Como en muchas de las cintas de su filmografía, Martin Scorsese eligió las calles de la Gran Manzana como escenario para esta historia musical.

New York, New York: el ritmo de la gran ciudad - Radio Cantilo

martes 26 May, 2020

New York, New York llegó a la pantalla grande en 1977, momento en el que Scorsese ya había filmado cinco largometrajes, dos de ellos con el protagonismo de Robert De Niro (Mean Streets y Taxi Driver). Para ese entonces, ambos comenzaban a convertirse en una de las parejas cinematográficas más grandes que nos dio el espectáculo norteamericano. Liza Minnelli, por su parte, ya había formado parte de seis cintas y había metido dos grandes éxitos de la mano de la música: Cabaret, de Bob Fosse, y A matter of time, la última película que filmó su padre Vicente Minnelli.

New York, New York fue la película que los reunió a los tres a mediados de los 70. Como mucho de lo que ha hecho Scorsese en su carrera detrás de las cámaras, esta cinta es una carta de amor a la ciudad que lo vio nacer y la que lo formó. Pero es también una carta de amor a la música. Tanto amor tenía para profesar el querido Martin que el corte original duraba más de cuatro horas. Obviamente se vio en la obligación de recortarlo y se estrenó una versión que rondaba los 160 minutos.

Este musical relata la vida de un saxofonista y una cantante que se conocen el mismísimo día en que termina la Segunda Guerra Mundial. Y partir de eso se convierten no solo en una pareja en términos románticos sino también en una artística. Obviamente los roces no tardan en aparecer. Y todo esto con la música y la Gran Manzana de fondo.

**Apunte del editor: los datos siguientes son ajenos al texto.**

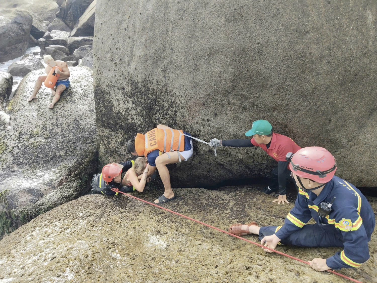 Thời điểm tiếp cận, 02 du khách đã tự bơi được vào bờ; 01 hướng dẫn viên du lịch và 02 du khách còn lại bị mắc kẹt tại các hốc đá ven biển, trong tình trạng hết sức nguy hiểm do sóng lớn liên tục xô đập. Trước tình huống khẩn cấp, lực lượng cứu nạn vừa trấn an nạn nhân, vừa phối hợp với Cảnh sát cơ động, Công an xã Hòa Xuân và Đồn Biên phòng Cửa khẩu cảng Vũng Rô sử dụng dây cứu hộ, vượt qua các mỏm đá trơn trượt, tiếp cận và đưa toàn bộ nạn nhân vào bờ an toàn.

A pesar de que Scorsese venía de alcanzar el reconocimiento global gracias a Taxi Driver, lo cierto es que New York, New York no fue el éxito que esperaba. En taquilla a la película le fue bastante mal y si bien obtuvo algunas nominaciones a los Globo de Oro y a los BAFTA, no fue precisamente elogiada por la crítica. Ese mismo año, Martin volvió a trabajar con Liza pero en Broadway, una obra que también fracasó en términos comerciales.

Esos dos tropiezos en su casi naciente carrera lo hundieron en la depresión. Se hizo adicto a la cocaína, a algunos medicamentos e incluso consideró mudarse a Italia para trabajar de cineasta en el país de sus ancestros. En el medio de ese caos, se dio lugar para hacer El último Vals, considerado por muchos el mejor documental musical de la historia. Y en el 80 volvería a posicionarse entre los mejores gracias a Toro Salvaje.

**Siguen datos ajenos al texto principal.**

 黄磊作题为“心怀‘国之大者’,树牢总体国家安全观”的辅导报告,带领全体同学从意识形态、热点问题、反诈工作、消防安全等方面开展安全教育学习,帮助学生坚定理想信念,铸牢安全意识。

Aunque no fue uno de los trabajos más importantes de su carrera, New York, New York nos dejó algunas joyas imposibles de obviar: un montón de escenas improvisadas que le dieron forma a la historia, un Robert De Niro en pleno apogeo tomándose el tiempo necesario para aprender a tocar el saxo y una Liza Minnelli interpretando el mayor hit de su carrera cinematográfica. Y hoy la cinta, como mucho de lo que ha hecho el director, es un clásico que no podemos dejar de ver.